This marked a sharp reversal during a decades-long rise in global life expectancy, according to hundreds of researchers sifting through data for the US-based Institute for Health Metrics and Evaluation (IHME).
“For adults worldwide, the pandemic has had a more profound impact than any event seen in half a century, including conflicts and natural disasters,” said Austin Schumacher, IHME researcher and lead author of the study published in the The Lancet.
During 2020-2021, life expectancy declined in 84% of the 204 countries and territories analysed, “demonstrating the devastating potential impacts” of new viruses, he said in a statement.
Mexico City, Peru and Bolivia were some of the locations where life expectancy fell the most.
But there was some good news: half a million fewer children under the age of five died in 2021 compared with 2019, continuing a long-term decline in child mortality.
IHME researcher Hmwe Hmwe Kyu hailed this “incredible progress”, saying the world should now focus on “the next pandemic and addressing the vast disparities in health across countries”.
And despite the pandemic, people still live far longer than they used to: between 1950 and 2021, the average life expectancy at birth has risen by 23 years, from 49 to 72, the researchers said.
Covid-19 was responsible for 15.9 million excess deaths during 2020-2021, either directly from the virus or indirectly due to pandemic-related disruptions, the researchers estimated. That is a million more excess deaths than previously estimated by the World Health Organization.

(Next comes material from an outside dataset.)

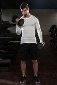 mężczyźni w siłowni, ćwiczenia z hantlami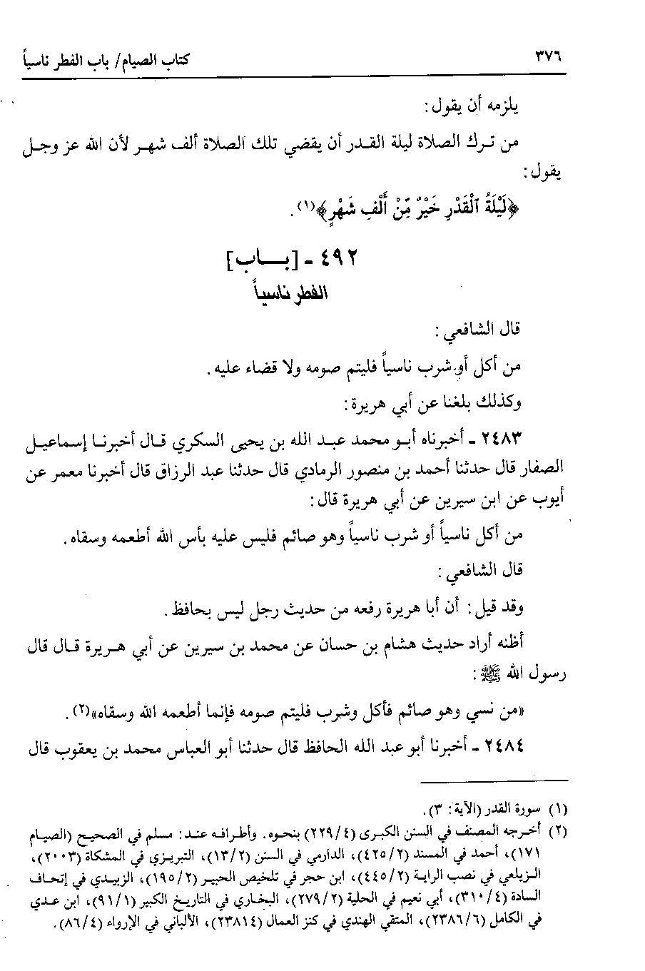 وكذلك بلغنا عن أبي هريرة 2483 - أخبرناه أبو محمد عبد الله بن يحيى السكري قال أخبرنا إسماعيل الصفار قال حدثنا أحمد بن منصور الرمادي قال حدثنا عبد الرزاق قال أخبرنا معمر عن أيوب عن ابن سيرين عن أبي هريرة قال من أكل ناسياً أو شرب ناسياً وهو صائم فليس عليه بأس الله أطعمه وسقاه.

Excess deaths are calculated by comparing the total number of deaths with how many would have been expected if there had not been a pandemic.
Barbados, New Zealand and Antigua and Barbuda were among the countries with the lowest rate of excess deaths during the pandemic, partly reflecting how isolated islands were often spared the full brunt of Covid-19.
The study also showed how the populations of many ageing, well-off countries have started to decrease, while numbers continue to grow in less-wealthy countries.
This dynamic “will bring about unprecedented social, economic and political challenges, such as labour shortages in areas where younger populations are shrinking, and resource scarcity in places where population size continues to expand rapidly,” Schumacher cautioned.
“Nations around the world will need to cooperate on voluntary emigration,” he added.